What the task asks
After locating the line containing "volado la noche" in the entries below, please write out that line and the rest through the end exactly. Omit pictures.
::: Data supplied :::
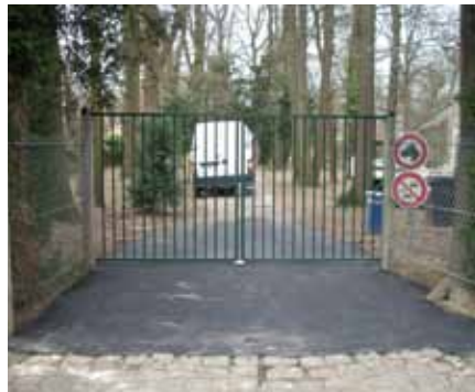
▲ Parc des Érables : pose d'un portail d'accès au parc, avenue de Séquigny, avec bitume au sol
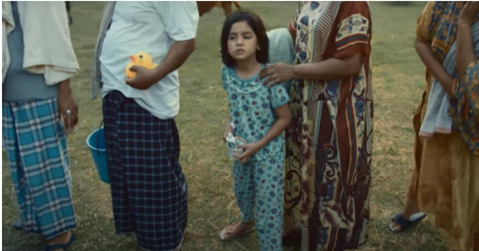
Rajah 5. Shot #3 ( minit 00.01.33)
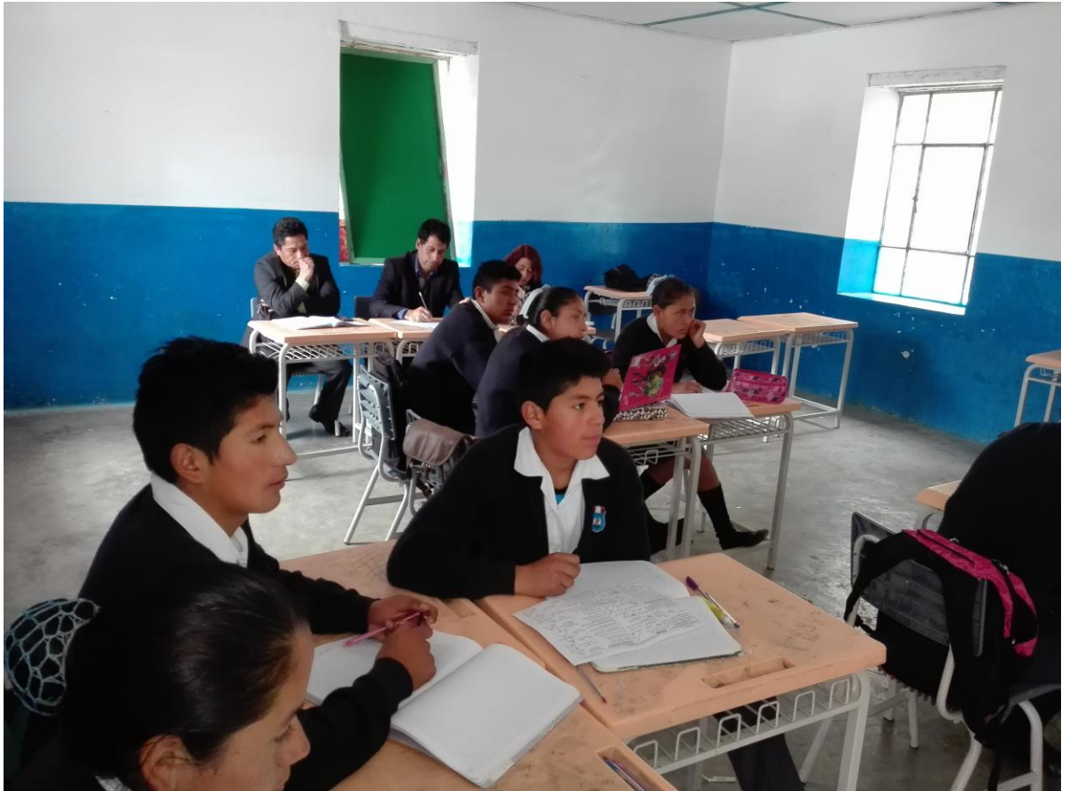
El Director y coordinadores pedagógicos de la Institución Educativa César Vallejo de Buldibuyo realizando monitoreo y acompañamiento a un docente del área de comunicación de VI Ciclo de EBR
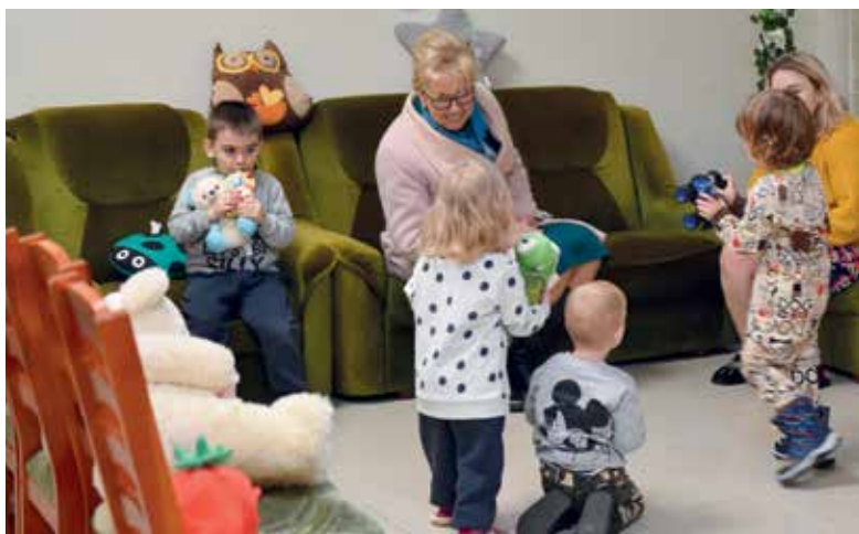
Wizytacja Starosty Wejherowskiego w Ośrodku Zbiorowego Zakwaterowania Ukraińców

Od pierwszego dnia wojny na Ukrainie mieszkańcy, uczniowie i samorządowcy aktywnie włączyli się w akcje pomocowe dla obywateli Ukrainy poprzez zbiórki darów, organizację miejsc noclegowych, wolontariat
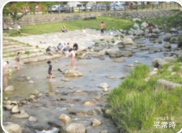
へいじよう じ 平常時
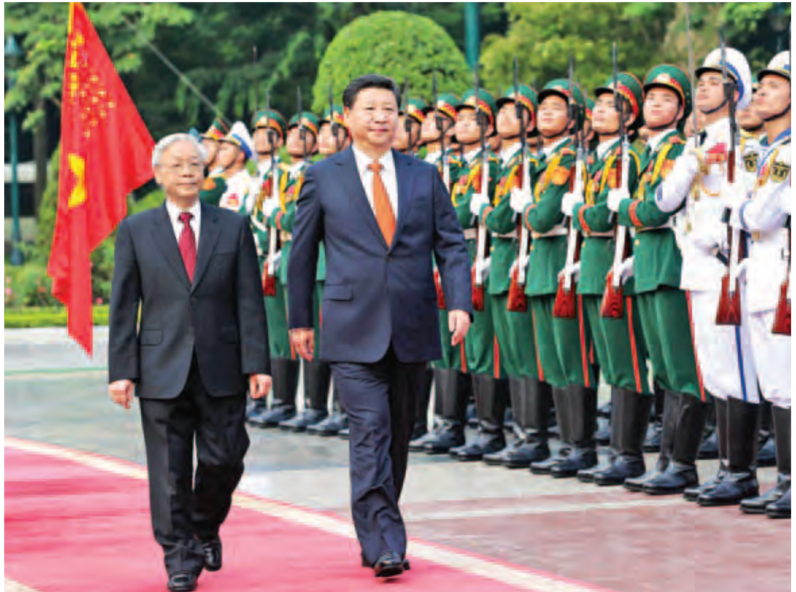
တရုတ်သမ္မတ ရှီကျင့်ဖျင်နှင့် ဗီယက်နမ်ကွန်မြူနစ်ပါတီအထွေထွေအတွင်းရေးမှူး ငွယ်ဟွေတို့ ဂုဏ်ပြုတပ်ဖွဲ့အား စစ်ဆေးစဉ်။

ဆူနာမီရေလှိုင်းများ မြင့်တက်လာမှုဘေး အန္တရာယ်ကိုကြိုတင်ကာကွယ်သည့် နည်းလမ်း ဖြင့် အသေအပျောက်နှင့် အပျက်အစီးများ လျော့နည်းသွားအောင် လျော့ချနိုင်ကြောင်း အမေရိကန်နိုင်ငံဆိုင်ရာ ဂျပန်သံအမတ်ကြီး မိုတိုဟိုက် ယိုရှိကာဝါက ပြောကြားခဲ့သည်။ ဂျပန်နိုင်ငံမှ အဆိုပြုထားသော ကမ္ဘာ့ ဆူနာမီနေ့အဖြစ်သတ်မှတ်ရေးအဆိုပြုချက် ကို နိုင်ငံခြားနိုင်ငံများက သဘောတူလက်မှတ် ရေးထိုးပြီးဖြစ်ကြောင်းနှင့် လက်မှတ်ထိုး သည့်နိုင်ငံများမှာ ဆူနာမီဘေးအန္တရာယ် ထိခိုက်ခံစားခဲ့ရသည့် တောင်အမေရိကနှင့် အရှေ့တောင်အာရှနိုင်ငံများပင်ဖြစ်သည်။ အင်န်အိတ်ချ်ကေ။
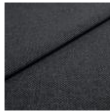
Pop CS 47 Graphite 1027347
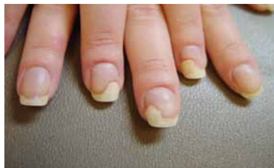
تصویر شماره ۸- اونیکولیز ناشی از ضربه در انگشتان دست
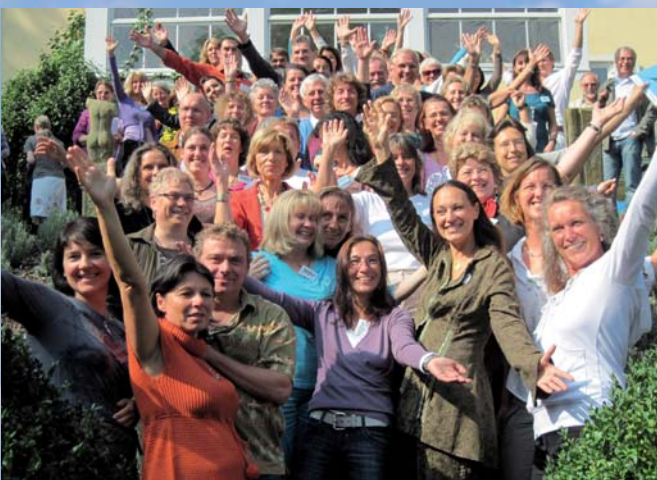
Beste Stimmung bei den Mitwirkenden der Heilertage 2009

Wohin geht die Reise, wenn alle Fixpunkte und Horizonte nicht mehr gültig sind? Das Leben geht mit uns in die Kurve. Und wo andere eine Krise sehen, sehen wir die Chance, dass das Leben uns zwingt, unser Verhalten zu ändern. Das tut es auf allen Ebenen. Und das Paradigma der neuen Zeit, des wirklichen "new age", das als spirituelle Bewegung der politischen und ökonomischen Bewegung 40 Jahre voraus war, heißt: Do ut des! (Ich gebe, damit du gibst.) Leben in Kommunikation und Leben im Respekt gegenseitiger Abhängigkeit und Verantwortung.
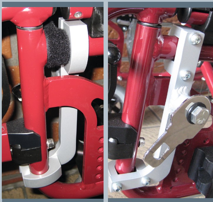
Zwei vordere Kraftknotensysteme mit jeweils einer Schwerlastöse für Spannretractor oder Statikgurt.
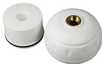
LEGIO.ball Waschtisch Startset mit antimikrobiellem Strahlreglereinsatz
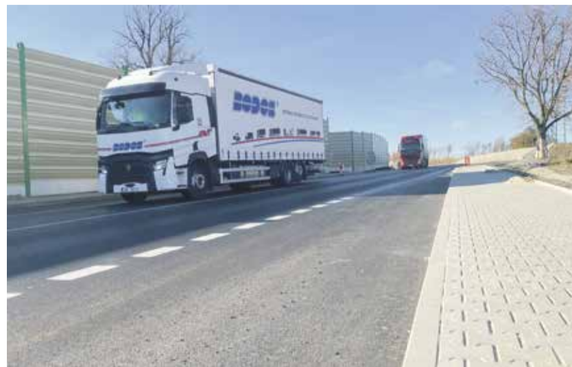
Obchvat Rytířska odvedl tranzitní dopravu z obce. Auta jezdí kolem nové protihlukové stěny.
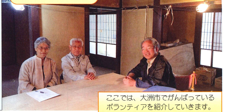
ここでは、大洲市でがんばっているボランティアを紹介していきます。

事務所の中の写真です。只今大幅改装中。将来は入居拒否されたりで住む場所が決まらず困っている障がい者が入れる寮にしてもいいね等色々な話をしています。
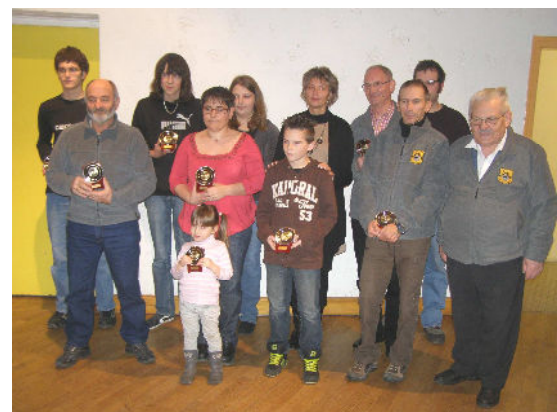
Remise des trophées aux sportifs 16 décembre 2011
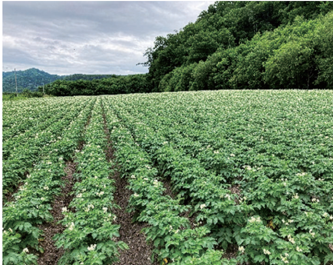
写真3 茎葉が弱勢となった「コナヒメ」の圃場
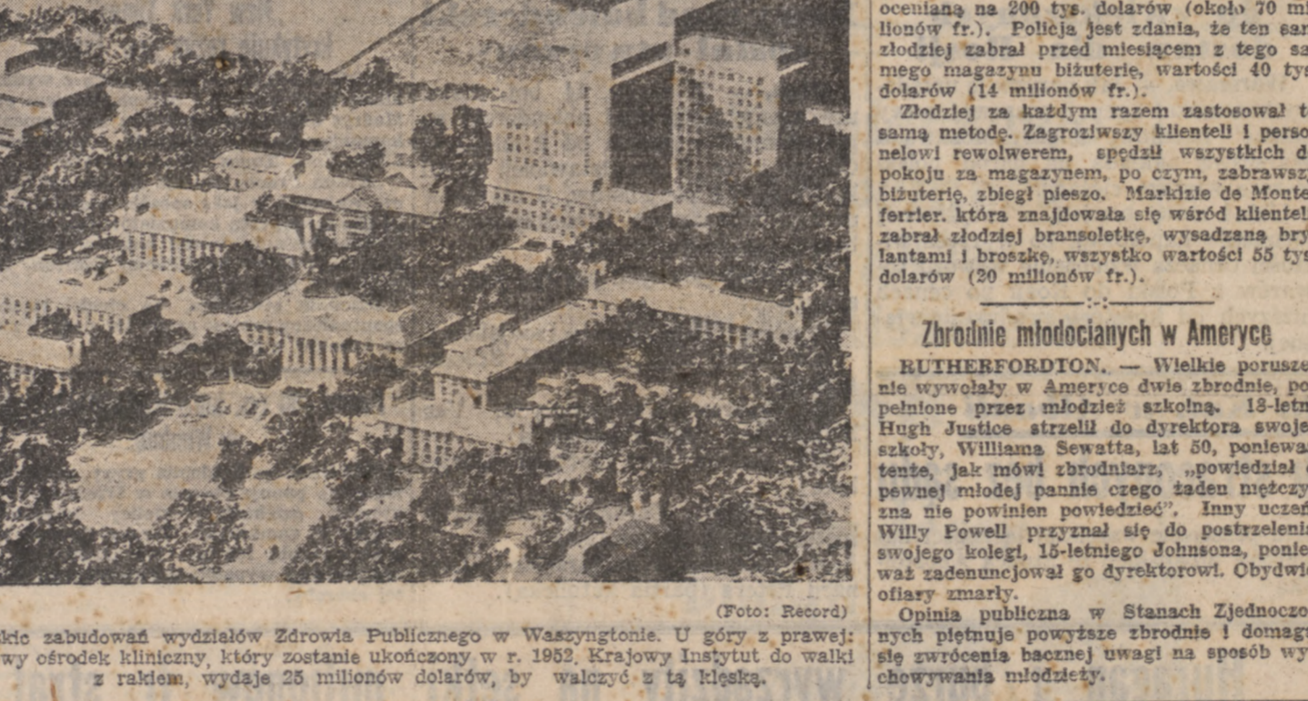
Szkół zabudował wydział Zdrowia Publicznego w Waszyngtonie. U góry z prawej: nowy ośrodek kliniczny, który zostanie ukończony w r. 1952. Krajowy Instytut do walki z rakim, wydatki 25 milionów dolarów, by walczyc z tą chorobą.
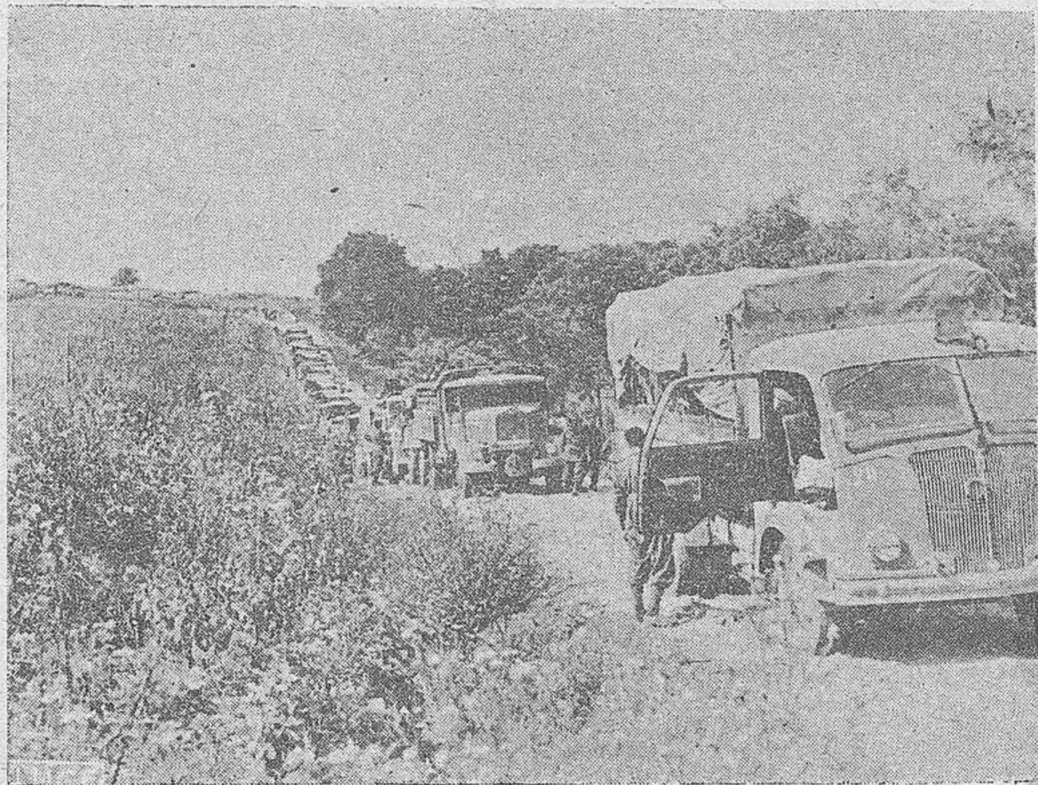
Una columna motorizada italiana, en marcha de aprovisionamiento al frente ruso.

"Un pequeño número de aviones enemigos han volado la noche
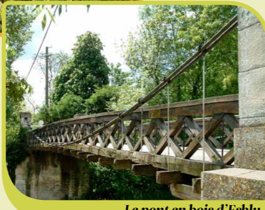
Le pont en bois d'Esly
:::
Result
"Un pequeño número de aviones enemigos han volado la noche
Le pont en bois d'Esly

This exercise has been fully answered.